Finally, according to Figure 6, the value of H on each dataset can be obtained, as shown in Table 2:

4.3.2. Adjustment of Parameter α

This section discusses the tuning of the parameter α. Similar to the above section, each training set of DS-1 to 6 is used to verify the possible value of α. Similar to the adjustment process of parameter H, in each experiment, the work randomly selected the first 90% of the data from the training dataset for model fitting and the remaining 10% as model validation. The range of α is defined in the set {2⁻²⁰, 2⁻¹⁹, …, 2⁻¹}, the value of H is shown in Table 2, RMSE is taken as the measurement standard, and the experimental results are shown in Figure 7:

According to Figure 7, the value of α on each dataset can be obtained, as listed in Table 3:

4.4. Comparative Analysis of Prediction Results

In order to verify the effectiveness of the model and algorithm, firstly, this section selects four classic test functions and compares the MPSO algorithm with the standard PSO algorithm. The relevant descriptions of the four test functions are shown in Table 4. Secondly, this section compares the prediction effect of the proposed method on the above six datasets with the prediction effect of the ARIMA method.

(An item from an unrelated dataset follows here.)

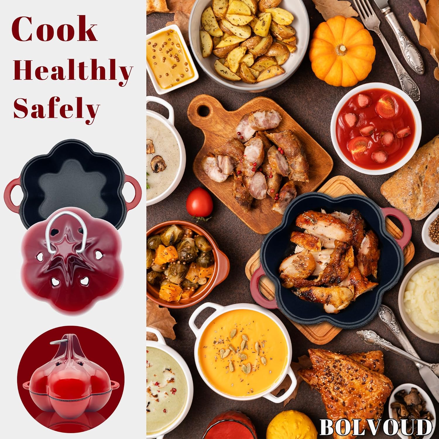 - š„ ćPremium Enameled Cast Iron Cookwareć Crafted with durable enamel-coated cast iron, this vibrant smoker box resists rust, cracking, and flavor transfer. SIZE: 7.4 x 6.1 x 5.4 inches, BOLVOUD Cast Iron Smoker Roaster doubles as a garlic roaster.

The population size is set to N = 100, the maximum number of iterations T_max = 1000, and the variable dimension D = 30. The two algorithms run 50 times independently, and the average and standard deviation of the results of 50 runs are recorded to evaluate the performance of the algorithm. The results are shown in Table 5.

It can be seen from Table 5 that the solution accuracy of the MPSO algorithm is better than that of classical PSO algorithm. Furthermore, this section uses the classical PSO algorithm and the MPSO algorithm to solve the parameters of the Bayesian network model and uses the solution results for prediction. In terms of the time complexity of the algorithm, the time complexity of the standard PSO algorithm is O(nmD), where n is the number of particles, m is the number of iterations of the algorithm, and D is the dimension of the problem. The MPSO algorithm uses Equations (21) and (22) to update the particle velocity and position, which is only one more adaptive decision than the standard PSO algorithm. The improved strategy does not increase the time complexity of the algorithm. Through the above experiments and analysis, the MPSO algorithm has better performance in solving multimodal function problems with higher dimensions. Next, we apply the algorithm to solve the actual prediction problem and further prove that the algorithm is better than the PSO algorithm through the prediction effect.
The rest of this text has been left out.